Establishing a Syndicate

Acquisition Process

1. Sourcing Properties

The Fawkner Property Investment Committee establishes an investment strategy and Fawkner Property directors use their established networks to source potential properties that are compatible with the Fawkner Property investment strategy.

2. Preliminary due diligence

Three-quarters of a property investment outcome is determined in the purchase phase. Financial modelling is completed on properties that meet the investment criteria. A full profit and loss statement, balance sheet and cash flow statement is generated for each year of the full term of the potential syndicate. Sensitivity analysis is used to quantify interest rate risk, tenancy risk and market risk.

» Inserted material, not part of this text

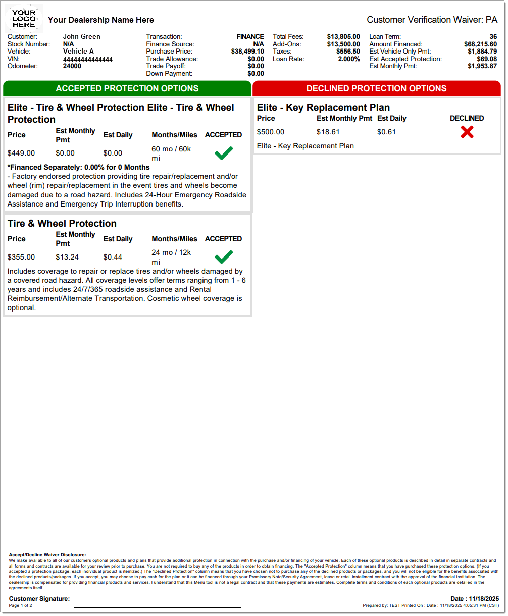 This form should be pre-populated with information from the deal. After printing, the dealer will then complete the bottom left-hand section of the form.
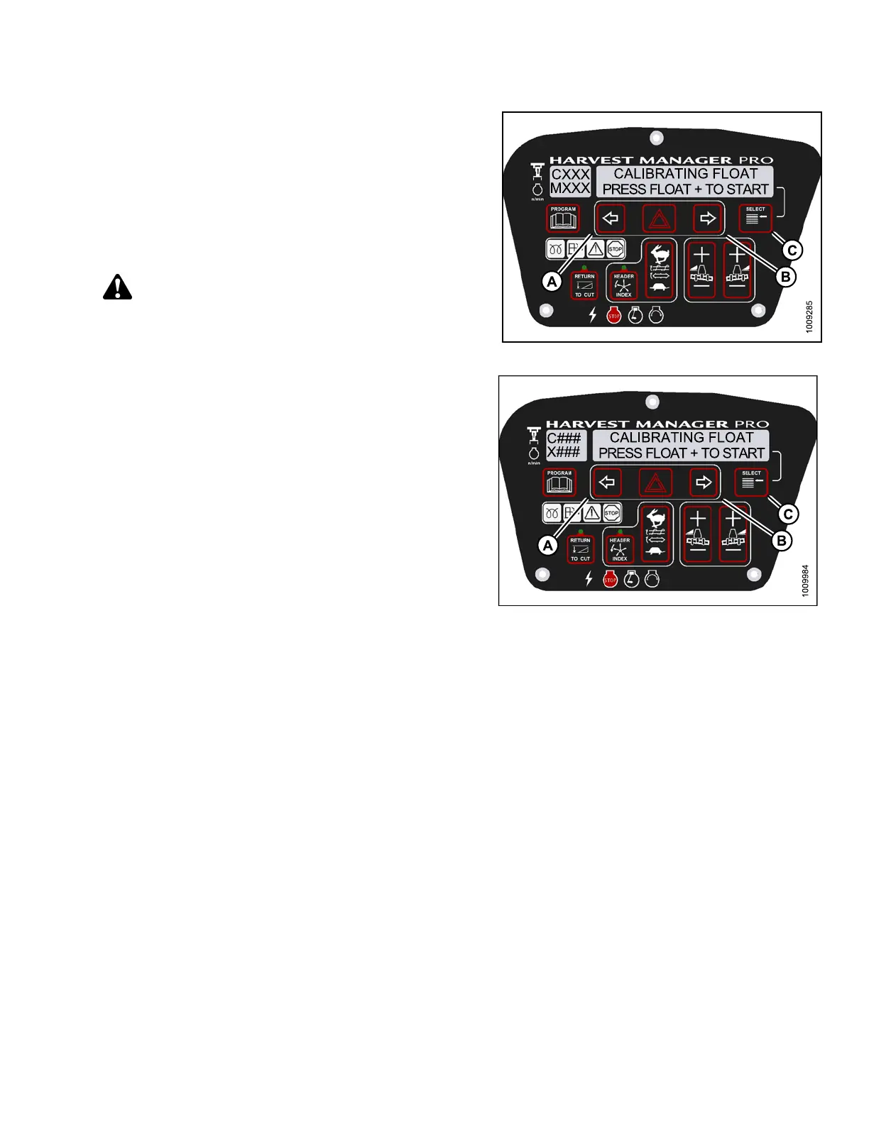 5. Press left (A) or right (B) arrow until HEADER FLOAT

The bank is approached to ensure that there is nothing of concern about the property as security for a loan.

3. Expression of Interest

A written expression of interest is lodged with the vendor, including specifying any special conditions needed to address issues arising from the preliminary due diligence. The expression of interest is subject to satisfactory detailed due diligence.

4. Detailed Due Diligence

The Fawkner Property Due Diligence Checklist can be viewed here. The due diligence process:

  • aims to discover latent defects in the property and evaluate compliance with statutory codes.
  • quantifies capital expenditure and maintenance requirements;
  • assesses the quality of management of the property, including compliance with leases and statutory requirements;
  • provides information for management of the property and disclosure to investors;
  • establishes the title to the property and the legal basis of tenancies, including survey and retail lease compliance;
  • establishes a sound basis for claiming tax deductions for capital allowances.

5. Conditional Contract

If the expression of interest meets with vendor approval and due diligence is satisfactory, a contract is entered into by the newly established unit trust, subject to any conditions arising from due diligence.

6. Information Memorandum

An Information Memorandum is compiled to communicate the benefits and risks of investment in the property Syndicate to investors. The Information Memorandum contains all the information that a wholesale investor would reasonably require to make a decision about investing in the Syndicate. Funds raised from investors are held in a special interest-bearing trust account until all contract conditions are fulfilled.

7. Settlement

After special conditions are met, the Syndicate purchases the property, using investors’ funds and bank finance. Units are issued to investors and the Syndicate commences.

8. Reporting

Sometimes it is in the best interests of investors to keep matters confidential, such as sensitive tenant negotiations, but, in general, investors are kept fully informed through quarterly information circulars. Annual financial statements are reviewed by an independent accountant and made available to investors upon request.